Así que la respuesta es afirmativa: hay razones para que la UE se sienta fuerte.

Sin embargo, el tono positivo del Debate sobre el estado de la UE 2021 no ha podido ni querido ocultar las dificultades y las carencias que están sobre la mesa.

En primer lugar, quedan por delante debates críticos para el futuro de la política económica sobre cuándo y cómo recuperar una senda de consolidación fiscal, si y en qué medida modificar el Pacto de Estabilidad y Crecimiento y hasta qué punto los instrumentos creados al hilo de la crisis serán permanentes (caso del NextGenerationEU) y conducirán a un Tesoro Europeo (deuda e impuestos comunitarios).

En segundo lugar, tendrá que despejarse la incógnita de si las enseñanzas de la Covid-19 conducirán a una verdadera Unión Europea de la Salud (por la que ha apostado Von der Leyen), adoptando decisiones a Tratado de la UE constante o modificándolo parta atribuir más competencias en ese campo a Bruselas.

En tercer lugar, será preciso seguir afrontando la división interna protagonizada por gobiernos euroescépticos cuya idea de los valores europeos, el estado de derecho y la división de poderes está cada vez más lejos de la visión de la gran mayoría, asunto en el que la Comisión Europea está actuando de manera extraordinariamente firme y eficaz (con diálogo y decisión, en palabras de su presidenta durante el Debate), con un papel sobresaliente del Tribunal de Justicia de la UE.

En cuarto lugar, será necesario verificar la voluntad política para traducir en actuaciones concretas la autonomía estratégica europea proclamada como concepto y objetivo, al calor de situaciones como la de Afganistán: ¿es viable, por ejemplo, contar a corto plazo con esa fuerza militar europea de reacción rápida propuesta por el Alto Representante, Josep Borrell?

Si la toma de decisiones sigue a buen ritmo y además se abre la perspectiva de una reforma constitucional de la UE (por ambas vías, en temas como el refuerzo del concepto y los derechos de ciudadanía europea, la extensión de la mayoría cualificada y el procedimiento legislativo, la atribución de más competencias, el perfeccionamiento de la unión económica  y la definición de una Europa social), se estará respondiendo a lo que indican todos los sondeos: el aumento de la confianza de los europeos en el proyecto común y el apoyo a su profundización política.

En ese sentido, las elecciones en Alemania y en Francia serán determinantes. 

Como relevantes serán, en otro nivel, las próximas presidencias semestrales del Consejo de la Unión.

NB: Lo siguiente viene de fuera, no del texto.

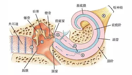 <span style="font-size:16px;"> 人體各器官功能取決于其生理結構,高頻陡降性聽力損失最為常見主要與耳部各個解剖部位有關。</span></p><p><span style="font-size:16px;"> 1、外耳的漏斗狀結構和彎曲“S”型耳道,此結構使得外界的聲學物理發生了變化。</span></p><p style="text-align: center;"><span style="font-size:16px;"><img src="/upfiles/201809030156391756.jpg" alt="" /><br /></span></p><p><span style="font-size:16px;"> 如上圖所示,人類耳廓及耳道對不同頻率段的聲音增益變化可以看出:在頻率2kHz-4kHz范圍耳道對聲音增益最大。研究表明噪聲引起的聽力損失常常位于噪聲頻率之上的一倍頻率程處,工業噪聲位于低中頻范圍內相對恒定,外耳道自然共振峰為2kHz-4kHz,故最容易導致4kHz-6kHz頻率范圍內聽力損失。這也就是為什么噪聲性耳聾起初聽力損失常常從4KHz左右開始,逐漸損害影響至更好頻率。</span></p><p><span style="font-size:16px;"> 2、耳蝸螺旋狀結構</span></p><center><span style="font-size:16px;"><img alt="" src="/upfiles/201809030156464845.jpg" width="440" height="250" /></span></center><p></p><p><span style="font-size:16px;"> 聲音從外耳道經聽骨鏈傳至內耳前庭窗,懸浮在耳蝸內的基底膜剪切運動引起其上的毛細胞電位變化,傳至大腦皮層感受聲音。</span></p><p><span style="font-size:16px;"> 耳蝸結構類似蝸牛呈螺旋結構,約2.5圈-2.75圈。聲波在基底膜上的傳播方式,是按物理學中的行波原理進行的,亦即行波學說(travellingwavetheory)。基底膜的最大振幅部位與聲波的頻率有關,亦即每一種頻率的聲波在基底膜上不同位置有一相應的最大振幅部位:高頻聲引起的最大振幅部位在蝸底靠近前庭窗處,低頻最大振幅靠近蝸頂,中頻在中間部分發生共振。由此可知,聲音從高頻到低頻的傳播途徑均需底周基底膜的振動,即高頻段的基底膜相對容易疲勞。同時耳蝸底周基底膜毛細胞含有比頂端毛細胞更低的抗氧化酶,故氨基糖苷類抗生素(慶大霉素、卡那霉素、鏈霉素等)耳毒性藥物出現的聽力損失都為陡降型聽力曲線。</span></p><p><span style="font-size:16px;"> 3、聽神經音頻分布</span></p><center><span style="font-size:16px;"><img alt="" src="/upfiles/201809030156516291.jpg" width="440" height="250" /></span></center><p></p><p><span style="font-size:16px;"> 聽神經分布與耳蝸基底膜螺旋結構一脈相承,感受低頻的神經位于中心,感受高頻的聽神經位于外周。外傷、缺血缺氧、皰疹病毒等理化環境的變化首先影響到高頻。</span></p><p><span style="font-size:16px;"> 更多詳情請登錄www.china-wuhuan.com。</span></p>" />

Entre ellas, la francesa (primer semestre de 2022) y la española (segundo semestre de 2023, casi justo antes de las euroelecciones de 2024).

Se trata de hacer que el “alma fuerte” de Europa citada por Von der Leyen siga plasmándose en decisiones percibidas por la ciudadanía útil para sus vidas, garantizando antes que nada la derrota del virus y una recuperación económica creadora de empleo, socialmente inclusiva, sostenible, verde, digital y reindustrializadora a través de un amplio consenso político.

 

Carlos Carnero, Senior Advisor de Vinces.